Blending the US industrial gas company with its European peer would cut the global industrial gas market from four big players to three. One of the others, Air Liquide, bought US rival Airgas for $13 billion earlier this year. Air Liquide targeted synergies of only 1.5 per cent of their combined revenue.
Praxair ought to be able to do better. There's significant overlap between the two companies, which wasn't the case for Air Liquide and its quarry, but they're of the kind that ought not to trouble trustbusters too much. In the United States, for example, Praxair has focused on industrial users of gases, whereas Linde's speciality is medical gas, which makes their almost 50 per cent combined market share, according to analysts at Baader, sound scarier than it is.
If the cost savings can be puffed up to four per cent of combined forecast revenue for next year, closer to other big industrial deals, it would create ^1.1 billion of pre-tax profit.

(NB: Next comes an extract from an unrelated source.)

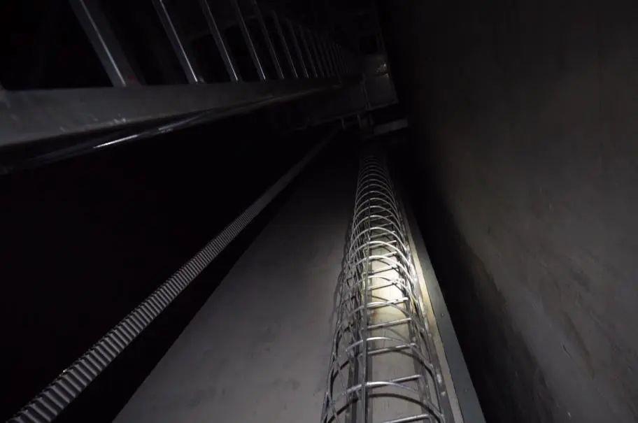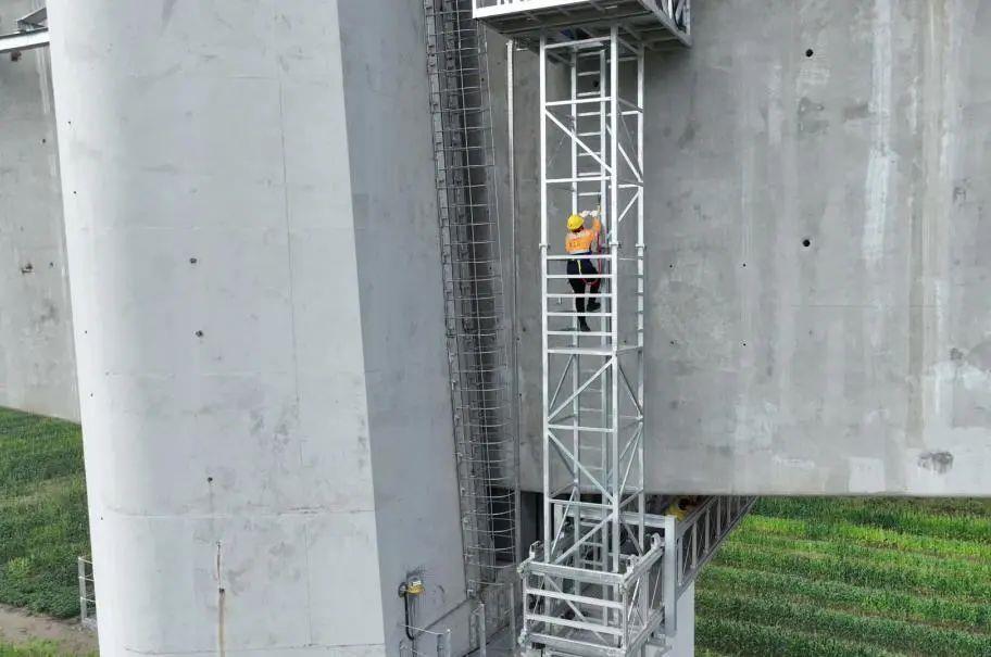 检查梯悬挂在桥梁外部,距离桥面10多米、距离地面30多米。白天观察,只见梁壁上一圈圈钢筋围着一条垂直阶梯,好似一个狭长的铁笼挂在桥侧,往下看一眼,便已是心惊胆战。

Assume a 28 per cent tax rate and that has a net present value of around ^8 billion, enough to pay out almost a 30 per cent premium, the minimum that would be considered reasonable in a takeover, though with no value left for shareholders in Praxair.
One way to square the circle might be to structure the deal as a share-for-share merger, so that Praxair can take the upper hand without having to pay a full premium for control. In any case, searching too closely for financial logic may miss the point.
Industrial investment budgets are unlikely to ramp up strongly any time soon, so the opportunity to soak up a competitor and reduce excess capacity may prove too strong to resist.